Back again. I went out on the deck clutching my weapon and listened, but I heard nothing. It must have been some automatic motor switching on in one of the other cabins. There are several dozen here, widely spaced, apparently deserted now, in the interval between the summer and the skiing season, and sound, I know, can travel amazing distances across the water, especially on so calm a night. I had a flashlight too, and I was so moronic as to turn it on, making myself a perfect target for anyone who might be lurking out there. Although they would not want to just shoot me, oh no, it would not be anything so easy. The sky was heavily overcast, and before I realized the foolishness of the action, I was startled to observe how the blackness over the lake utterly consumed the thin beam. I found this oppressive, depressing: the feeble beam lost in vast darkness. Oh, a little memento mori here? Or merely a reminder of the extremity of my current isolation.
Reading this over, I see I am still entangled in the distant past; this account will be another Tristram Shandy if I’m not careful, never getting to the fucking point.
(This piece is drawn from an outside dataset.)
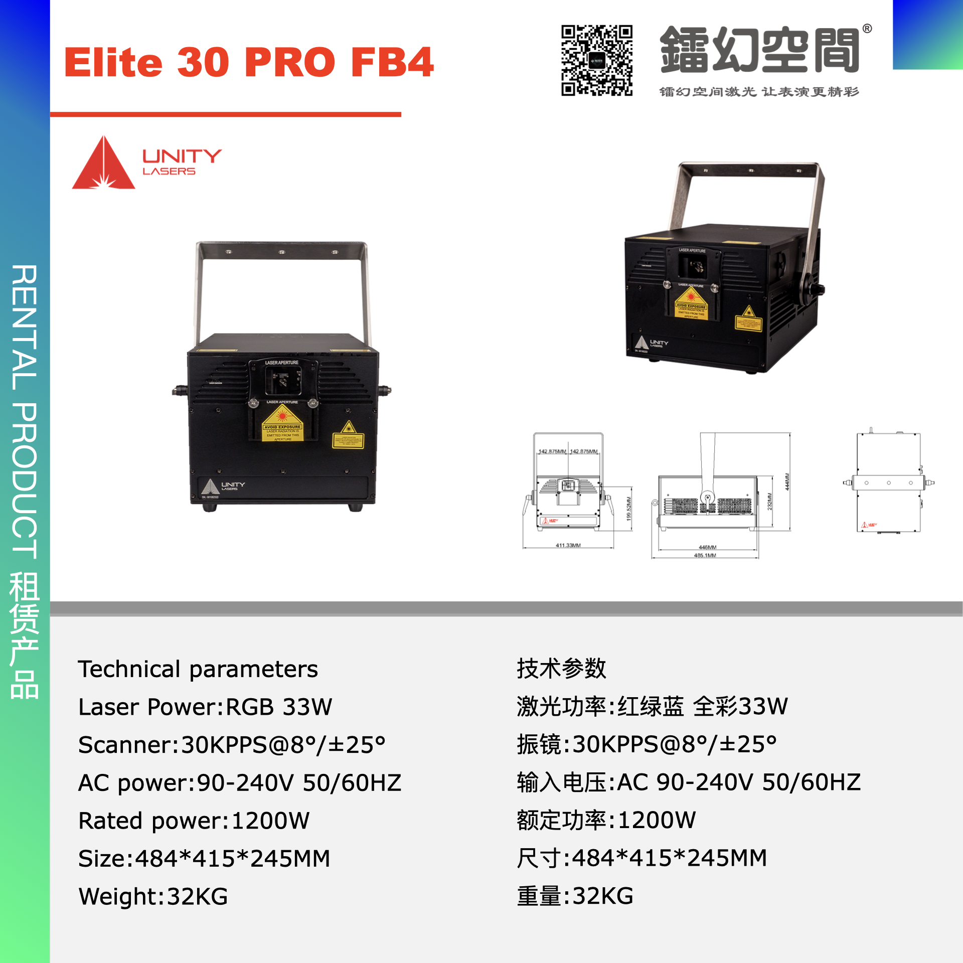镭幻空间提供高品质彩色激光系列用于租赁。有UNITY LASERS ELITE 30PRO FB4(防水款),LS VOLUX 40W RGB RB4(防水款)RGB C60 FB4(防水款) RGBS30S FB4(防水款),RGB S24 FB4,RGB S14 FB4,RGB C10(DMX),RGB S6(DMX)等
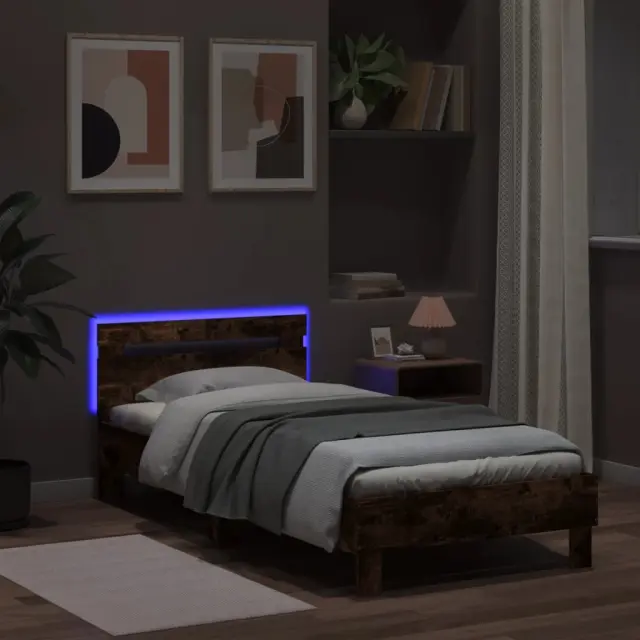 vidaXL Posteljni okvir z vzglavjem in LED dimljeni hrast 100x200 cm

To resume, however: on that particular afternoon, I fed Mickey Haas’s exoticism jones with a little more of my personal history. No, as a matter of fact, I wasn’t Jewish (here a sidebar on the matrilineal-descent rule) because my mother was a Catholic, and in those days, if a Catholic married a non, they were excommunicated unless they made their peace with the church, the main part of which was swearing to raise the kids in the faith and we all were, me and my older brother, Paul, and my sister, the youngest, Miriam, the whole nine yards: baptism, catechism class, first communion, altar service for us boys. And, naturally, lapsing, except for Paul, although Paul lapsed like a bastard, until he un-lapsed and got his Vocation.
And the cherry on top? Okay, another flashback, and I believe I have time, because I suddenly realized that they would not be so foolish as to try to cross Lake Henry in this darkness, and why should they? So I have all night, I suppose. Anyway, here’s my dad, eighteen years old, a Brooklyn wiseguy in training, a budding bookmaker of sports bets. Unfortunately for Dad’s career, it was 1944 and he got drafted. Of course, he went to the dons on it, but they said he’d have to go unless he wanted a guy to run an ice pick into his ears, pop his drums, they’d be glad to help out there. He declined.
So a year or so later, Dad finds himself attached to Third Army headquarters as a cipher clerk, a good job for a nice Jewish boy, clean indoor work, never heard a shot fired in anger; besides it’s March 1945 by now, and for the American forces in Europe, the fun part of World War II is just beginning. The Wehrmacht had essentially stopped fighting in the west and its legions were drifting docilely into the POW cages. The American soldiery soon discovered that anything could be had in exchange for American cigarettes-antiques, heirlooms, girls, unlimited amounts of intoxicants-and Dad was not slow in understanding that here was a once-in-a-lifetime opportunity to accumulate capital.